The cropland assessment is the most advanced of the four regional and national assessments to date. Data collected from 2003 to 2006 on the production and conservation practices employed by farmers has been processed through an edge-of-field model that uses actual weather data and detailed soils data to simulate crop growth, on a daily time step, and estimate a wide range of environmental impacts including soil loss, nutrient loss, pesticide loss, and soil carbon changes. The edge-of-field model output is processed through small watershed and river basin scale models that are calibrated to fall within the confidence limits of stream gauge data.
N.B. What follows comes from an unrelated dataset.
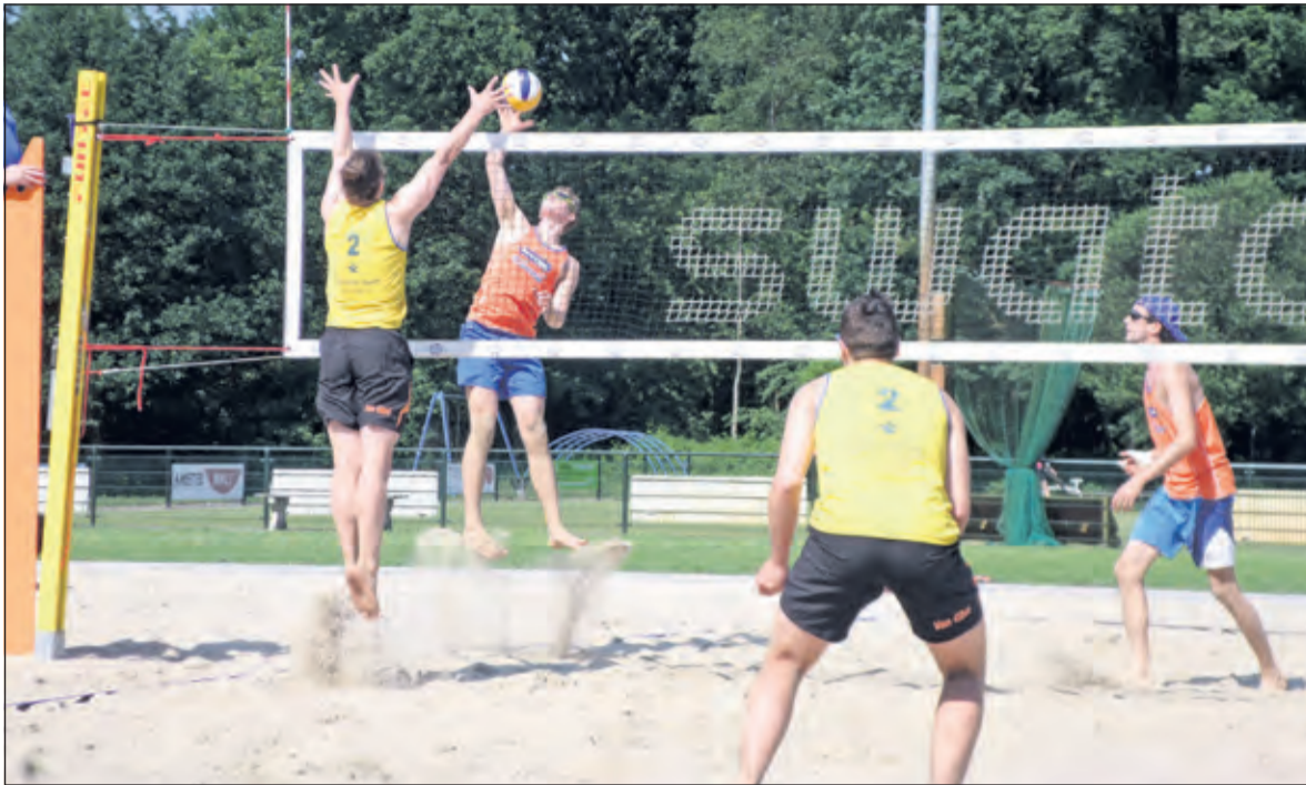
Winnaars 1e Divisie in Actie.

Afgelopen weekend was het een druk weekend voor Irene Beach. Enerzijds was er een de jaarmarkt met de volleybal-bus en daarnaast was er zowel op zaterdag als op zondag een divisie-toernooi.

In June 2010, the Upper Mississippi River Basin regional cropland assessment was released and it is being used to help set goals for the Mississippi River Basin Initiative. Since the Upper Mississippi River Basin CEAP cropland report was released, regional assessments for the Ohio-Tennessee River Basin, the Missouri River Basin, the Great Lakes Water Resource Region, and the Chesapeake Bay have been released. Preliminary results for the entire country were used extensively in the development of the Resource Conservation Act Appraisal, which was transmitted to Congress in 2011.
During the development of the 2008 farm bill, NRI data were used to inform the decision to reduce the Conservation Reserve Program (CRP) acreage cap. The NRI data showed that there were millions of acres enrolled in CRP that were classified as highly productive cropland and with the adoption of targeted conservation practices could be farmed with limited environmental impact. This has resulted in a more informed discussion of the appropriate size of the CRP and the decision to reduce its size to some extent.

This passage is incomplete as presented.